Olaf Sleijpen, head of the Dutch central bank, said on Tuesday that how long the recent energy price shock lasts will be a decisive factor for the European Central Bank's upcoming policy decision. With the ECB's next rate-setting meeting two weeks away, Sleijpen reiterated that the bank's priority remains price stability and that any change in policy will depend on the path of inflation.
Sleijpen said the institution will focus on whether the rise in energy costs - which has already lifted headline inflation - is being transmitted into other price indicators. He framed that pass-through as the key piece of information the ECB needs before determining its next move.
"What we will mainly look at is the extent to which the rise in energy prices, which we have already observed and which has already increased headline inflation, is feeding through into other price indicators," Sleijpen said.
The ECB has maintained its policy rate on hold for the past year. However, higher energy costs prompted a debate about raising rates at last month's meeting, as inflation climbed well above the 2% target and several policymakers signalled a need for action.
Sleijpen pointed to mounting concerns about the potential duration of the current energy shock and noted that market pricing makes a rapid normalisation of energy prices appear unlikely. He stopped short of endorsing an immediate rate increase in June - a position that contrasts with comments by his fellow board member Isabel Schnabel, who has said the ECB should raise rates in June - adding that he will wait for the latest data at the next meeting before forming a definitive opinion.
At the same time, Sleijpen highlighted that tighter financial conditions and a weakening economic backdrop are already exerting downward pressure on inflation. He said restrictive financial conditions, higher interest rates and stricter bank lending standards are contributing to that moderating influence, while growth expectations and confidence measures are worsening.
"Financial conditions have become more restrictive, interest rates have risen ... banks are becoming stricter when it comes to lending," he said, adding that growth expectations and confidence indicators are deteriorating.

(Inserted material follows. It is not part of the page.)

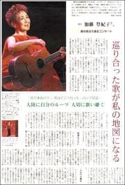 この秋、加藤登紀子さんは歌手生活55周年を迎えます。節目の年のコンサートのテーマは"愛"。コンサート「LOVE LOVE LOVE〜愛の4楽章」を前に聞きました。(16面)

Markets currently expect between two and three interest rate increases over the coming year, with traders pricing in a first move in July and a subsequent step in the autumn. Sleijpen also cautioned against drawing direct parallels with the inflation spike of early 2022, arguing that the present situation reflects a "classic negative supply shock" rather than the demand-led pressures that accompanied post-COVID reopenings.
Looking ahead, the central bank will weigh incoming inflation data and indicators of pass-through from energy prices to other components of inflation against the backdrop of tighter financial conditions and weaker growth signals before making its next policy decision.